Выкормыш, взбираясь на гору, стал браться за срывистый, недававшийся кремень; он вытянулся, ему было неспособно, и вдруг, напомнив в этом карабканьи ползущую саранчу, он, как и эта тварь, по природе летящая и скачущая, стал молниеносно красив в унизительности своих неестественных усилий; вот-вот, казалось, он не стерпит, гневно сверкнет крылами и взлетит. И действительно, лошадь дернулась, кинула передними голяшками и короткой скачью понеслась по пустырям. Давлетша стал подбирать ее, укорачивая вожжи. На них дряхло, лохмато и притупленно залаяла собака. Пыль была как ружейный порох. Дорога круто сворачивала влево.

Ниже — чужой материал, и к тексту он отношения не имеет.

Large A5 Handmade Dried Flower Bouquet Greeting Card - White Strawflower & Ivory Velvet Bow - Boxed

Черная улица тупиком упиралась в красный забор железнодорожного депо. Она полошилась. Солнце било сбоку, из-за кустов, и пеленало толпу странных фигурок в женских кофтах. Солнце окатывало их белым хлещущим светом, который, казалось, хлынул из сапогом опрокинутого ведра, как жидкая известка, и валом бежал по земле. Улица полошилась. Лошадь шла шагом.

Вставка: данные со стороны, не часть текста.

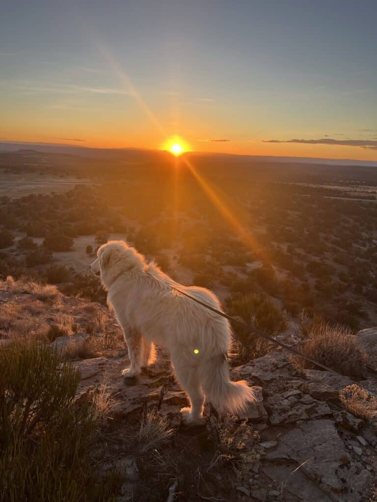 Mingo enjoyed it all, but especially areas where she could run, slide, and dig in both deep sand (Great Sand Dunes National Park) and snow (Black Canyon of the Gunnison National Park and Mesa Verde National Park). And, regularly exhibiting a wolf-like stance, she climbed to the top of buttes and mesas to regally look out upon the landscape.

– Свороти направо! – приказала Женя.
– Переезда не будет, – ответил Давлетша, кнутовищем показывая на красный конец, – тупик.
– Тогда стань, я погляжу.
– Это китайцы наши.
– Вижу.
Давлетша, поняв, что барышне говорить с ним неохота, пропел с оттяжкою «тпруу», и лошадь, колыхнув всем телом, стала как вкопанная, а Давлетша засвистал тонко и заимчиво, с перерывами, понужая ее к чему надо.
Китайцы перебегали через дорогу, держа в руках громадные ржаные ковриги. Они были в синем и походили на баб в штанах. Непокрытые головы кончались у них узелком на темени и казались скрученными из носовых платков. Некоторые задерживались. Этих можно было разглядеть. Лица у них были бледные, землистые, склабящиеся. Они были смуглы и грязны, как медь, окисленная нуждой.
Давлетша вынул кисет и расположился делать свертыш. В это время из-за угла, оттуда, куда шли китайцы, вышло несколько женщин. Верно, и они шли за хлебом. Те, что были на дороге, стали гоготать и подбираться к ним, извиваясь так, как если бы у них руки были скручены веревкой за спину. Изгибистость их движений подчеркивалась тем в особенности, что по всему телу, с ворота по самые щиколотки, они были одеты во что-то одно, как акробаты. В этом не было ничего страшного; женщины не побежали прочь, а стали и сами, смеясь.
– Послушай, Давлетша, чего это ты?
– Лошадь рванула! рванула! не сто-иить! – раз к разу огревая Выкормыша вожжой, дергал и бросал Давлетша.
– Тише, вывалишь. Зачем хлещешь ее?
– Надо.
И только выехав в поле и успокоив лошадь, уже заплясавшую было, хитрый татарин, стрелою вынесший барышню от зазорного зрелища, взял вожжи в правую руку и положил кисет, все время бывший у него в руке, за полу.
Они возвратились другой дорогой. Госпожа Люверс увидала их, вероятно, из докторского окошка. Она вышла на крыльцо в ту самую минуту, как мост, сказав им всю свою сказку, начал ее сызнова под телегой водовоза.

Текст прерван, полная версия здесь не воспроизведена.